**TASK INSTRUCTIONS:** Transcribe the records that follow in their entirety, omitting any pictures.

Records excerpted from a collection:

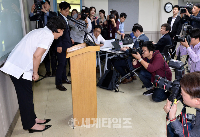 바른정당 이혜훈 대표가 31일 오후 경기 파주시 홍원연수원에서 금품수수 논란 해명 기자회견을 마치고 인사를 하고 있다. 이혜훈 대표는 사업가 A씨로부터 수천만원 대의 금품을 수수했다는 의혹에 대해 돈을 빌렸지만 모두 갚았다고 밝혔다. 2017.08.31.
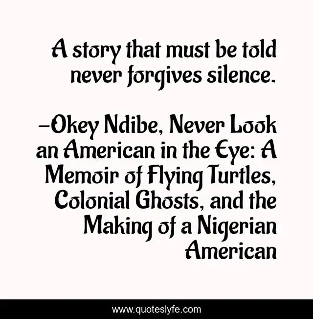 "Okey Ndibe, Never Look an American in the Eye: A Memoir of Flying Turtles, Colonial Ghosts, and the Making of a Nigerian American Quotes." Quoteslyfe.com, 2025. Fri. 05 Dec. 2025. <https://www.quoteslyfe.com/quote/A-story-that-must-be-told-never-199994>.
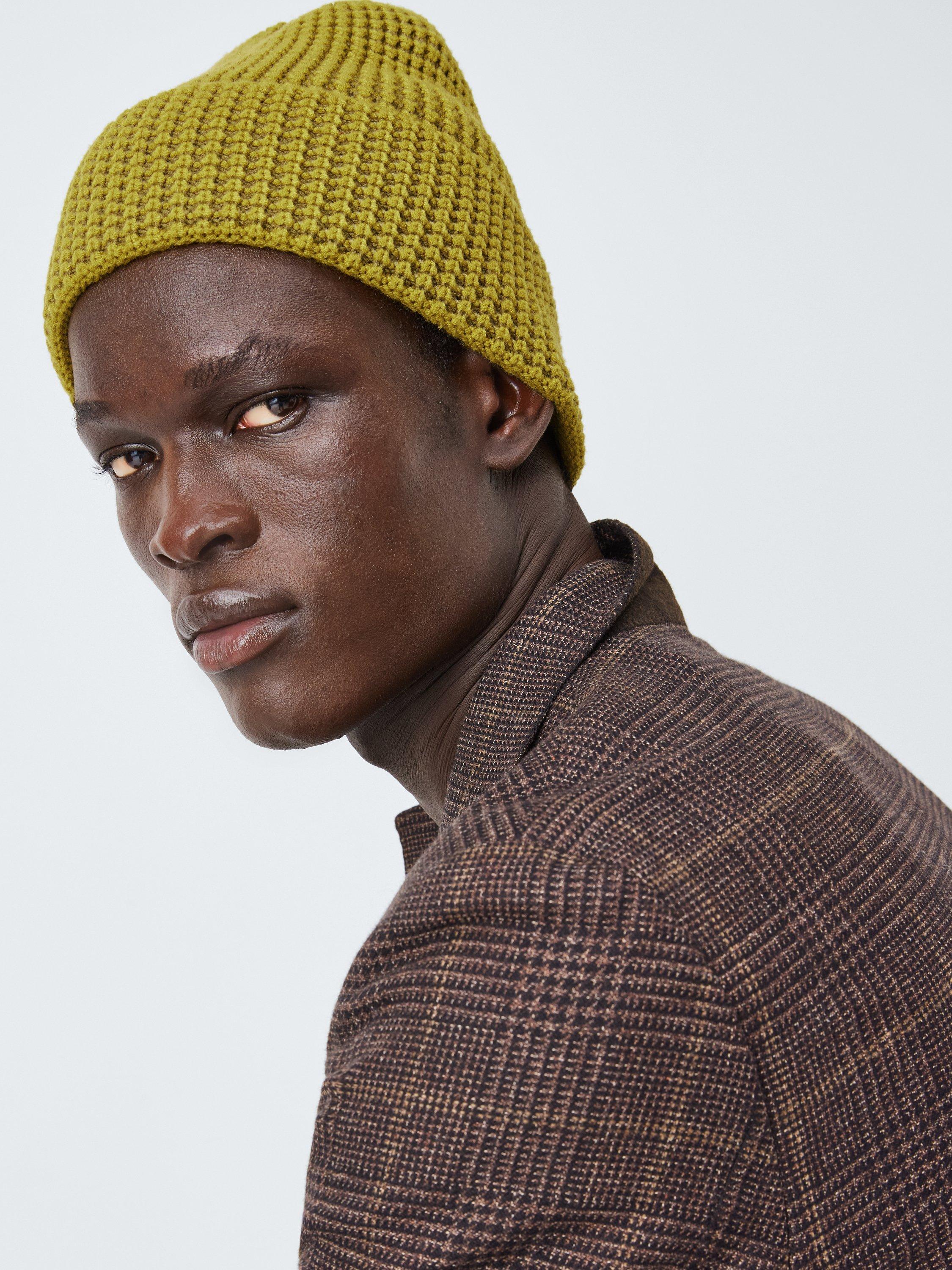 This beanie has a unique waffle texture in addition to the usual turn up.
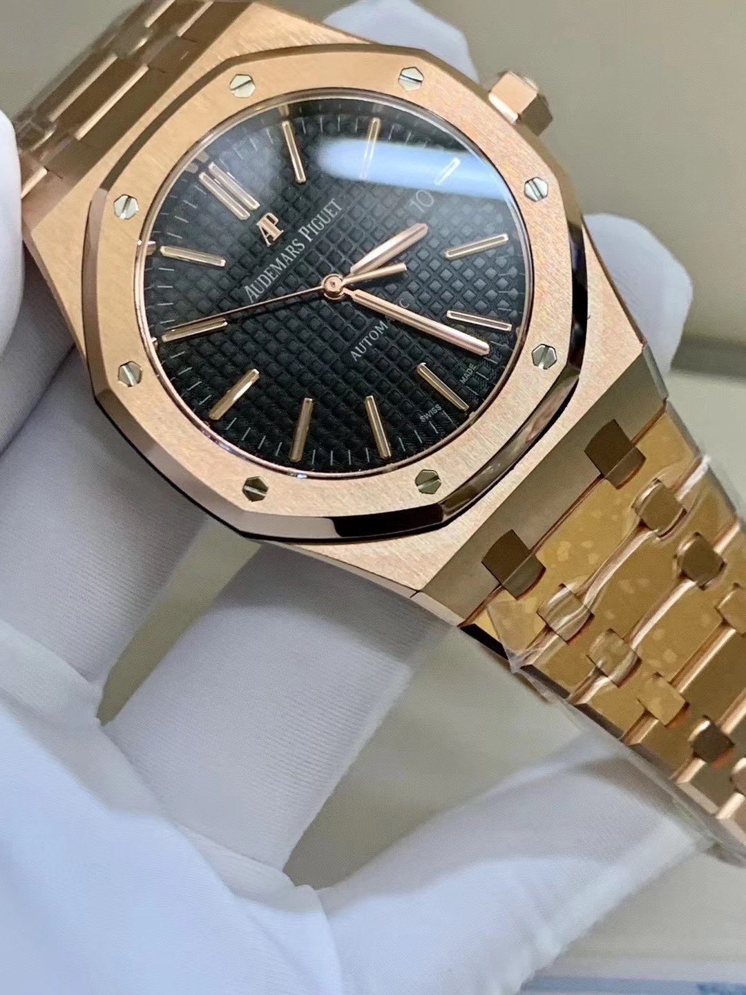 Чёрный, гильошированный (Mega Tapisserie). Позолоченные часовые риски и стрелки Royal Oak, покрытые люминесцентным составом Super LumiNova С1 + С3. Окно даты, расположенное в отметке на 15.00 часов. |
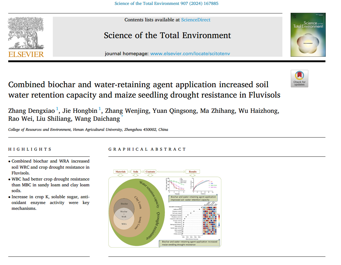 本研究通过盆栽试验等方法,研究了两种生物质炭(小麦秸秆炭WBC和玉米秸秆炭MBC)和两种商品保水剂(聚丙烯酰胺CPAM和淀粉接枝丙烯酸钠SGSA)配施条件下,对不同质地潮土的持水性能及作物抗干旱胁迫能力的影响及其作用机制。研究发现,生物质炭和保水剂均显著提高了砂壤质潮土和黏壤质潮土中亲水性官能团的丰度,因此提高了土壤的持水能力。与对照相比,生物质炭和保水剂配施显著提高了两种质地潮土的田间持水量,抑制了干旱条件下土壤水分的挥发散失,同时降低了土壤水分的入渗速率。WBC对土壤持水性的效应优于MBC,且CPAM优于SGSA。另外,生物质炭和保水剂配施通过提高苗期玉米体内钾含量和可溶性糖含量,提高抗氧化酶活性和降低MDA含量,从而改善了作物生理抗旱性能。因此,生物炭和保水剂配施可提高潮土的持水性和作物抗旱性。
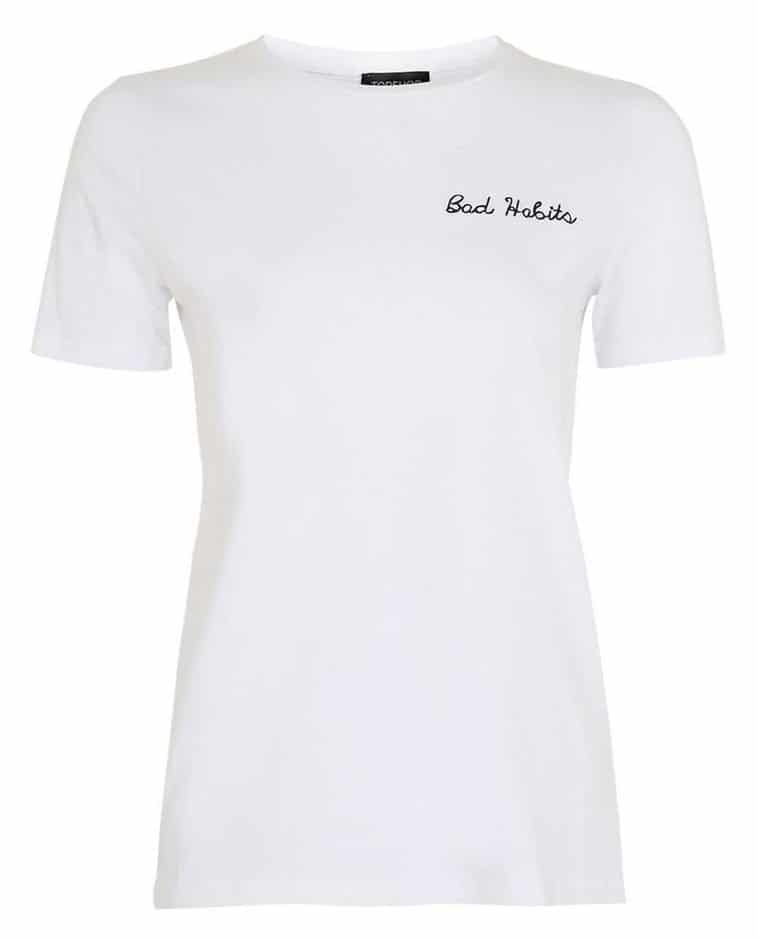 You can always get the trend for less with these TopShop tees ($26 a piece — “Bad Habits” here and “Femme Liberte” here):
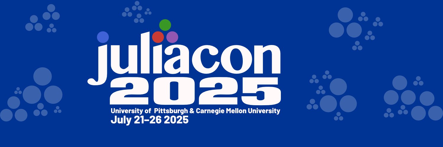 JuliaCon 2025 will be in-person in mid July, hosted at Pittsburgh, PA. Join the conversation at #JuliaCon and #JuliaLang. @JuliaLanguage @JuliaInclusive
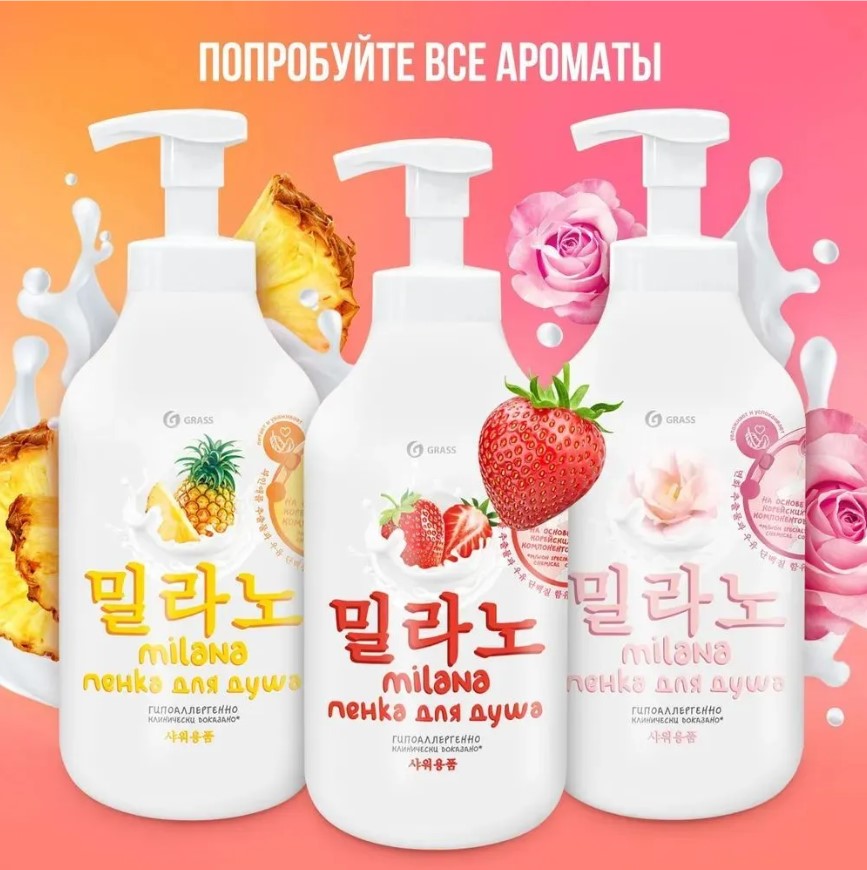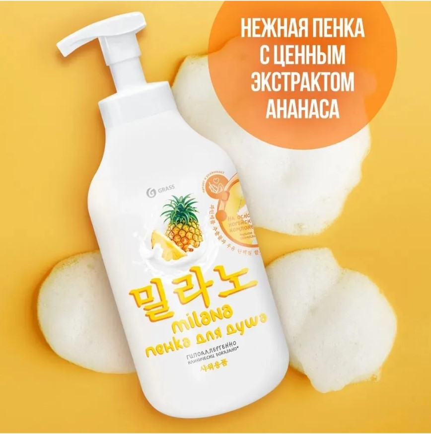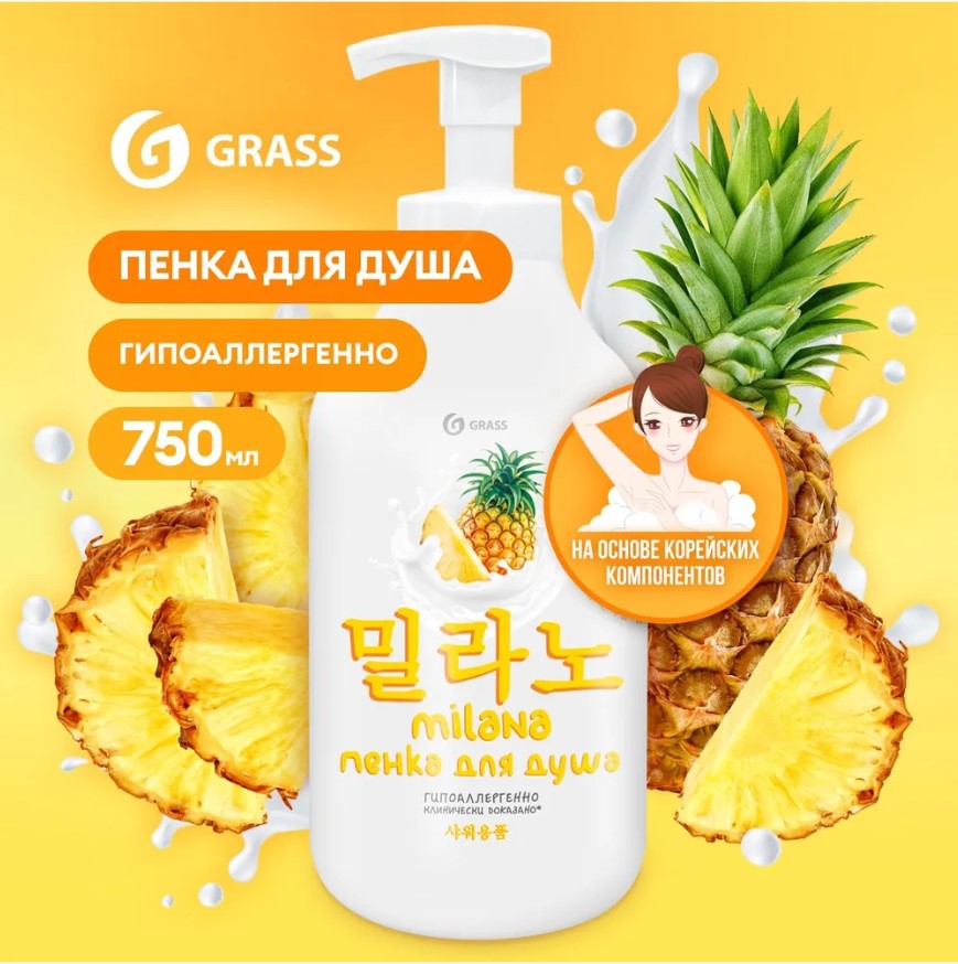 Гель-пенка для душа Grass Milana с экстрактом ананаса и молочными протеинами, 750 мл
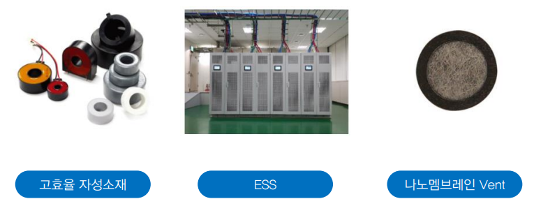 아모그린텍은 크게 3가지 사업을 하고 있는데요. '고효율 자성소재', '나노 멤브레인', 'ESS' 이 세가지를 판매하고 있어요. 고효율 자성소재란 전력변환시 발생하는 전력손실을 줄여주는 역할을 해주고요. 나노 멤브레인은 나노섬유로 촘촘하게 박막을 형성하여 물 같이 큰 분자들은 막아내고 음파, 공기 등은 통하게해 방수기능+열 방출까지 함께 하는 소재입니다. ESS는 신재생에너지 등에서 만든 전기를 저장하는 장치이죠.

**RESPONSE:**
 바른정당 이혜훈 대표가 31일 오후 경기 파주시 홍원연수원에서 금품수수 논란 해명 기자회견을 마치고 인사를 하고 있다. 이혜훈 대표는 사업가 A씨로부터 수천만원 대의 금품을 수수했다는 의혹에 대해 돈을 빌렸지만 모두 갚았다고 밝혔다. 2017.08.31.
 "Okey Ndibe, Never Look an American in the Eye: A Memoir of Flying Turtles, Colonial Ghosts, and the Making of a Nigerian American Quotes." Quoteslyfe.com, 2025. Fri. 05 Dec. 2025. <https://www.quoteslyfe.com/quote/A-story-that-must-be-told-never-199994>.
 This beanie has a unique waffle texture in addition to the usual turn up.
 Чёрный, гильошированный (Mega Tapisserie). Позолоченные часовые риски и стрелки Royal Oak, покрытые люминесцентным составом Super LumiNova С1 + С3. Окно даты, расположенное в отметке на 15.00 часов. |
 本研究通过盆栽试验等方法,研究了两种生物质炭(小麦秸秆炭WBC和玉米秸秆炭MBC)和两种商品保水剂(聚丙烯酰胺CPAM和淀粉接枝丙烯酸钠SGSA)配施条件下,对不同质地潮土的持水性能及作物抗干旱胁迫能力的影响及其作用机制。研究发现,生物质炭和保水剂均显著提高了砂壤质潮土和黏壤质潮土中亲水性官能团的丰度,因此提高了土壤的持水能力。与对照相比,生物质炭和保水剂配施显著提高了两种质地潮土的田间持水量,抑制了干旱条件下土壤水分的挥发散失,同时降低了土壤水分的入渗速率。WBC对土壤持水性的效应优于MBC,且CPAM优于SGSA。另外,生物质炭和保水剂配施通过提高苗期玉米体内钾含量和可溶性糖含量,提高抗氧化酶活性和降低MDA含量,从而改善了作物生理抗旱性能。因此,生物炭和保水剂配施可提高潮土的持水性和作物抗旱性。
 You can always get the trend for less with these TopShop tees ($26 a piece — “Bad Habits” here and “Femme Liberte” here):
 JuliaCon 2025 will be in-person in mid July, hosted at Pittsburgh, PA. Join the conversation at #JuliaCon and #JuliaLang. @JuliaLanguage @JuliaInclusive
 Гель-пенка для душа Grass Milana с экстрактом ананаса и молочными протеинами, 750 мл
 아모그린텍은 크게 3가지 사업을 하고 있는데요. '고효율 자성소재', '나노 멤브레인', 'ESS' 이 세가지를 판매하고 있어요. 고효율 자성소재란 전력변환시 발생하는 전력손실을 줄여주는 역할을 해주고요. 나노 멤브레인은 나노섬유로 촘촘하게 박막을 형성하여 물 같이 큰 분자들은 막아내고 음파, 공기 등은 통하게해 방수기능+열 방출까지 함께 하는 소재입니다. ESS는 신재생에너지 등에서 만든 전기를 저장하는 장치이죠.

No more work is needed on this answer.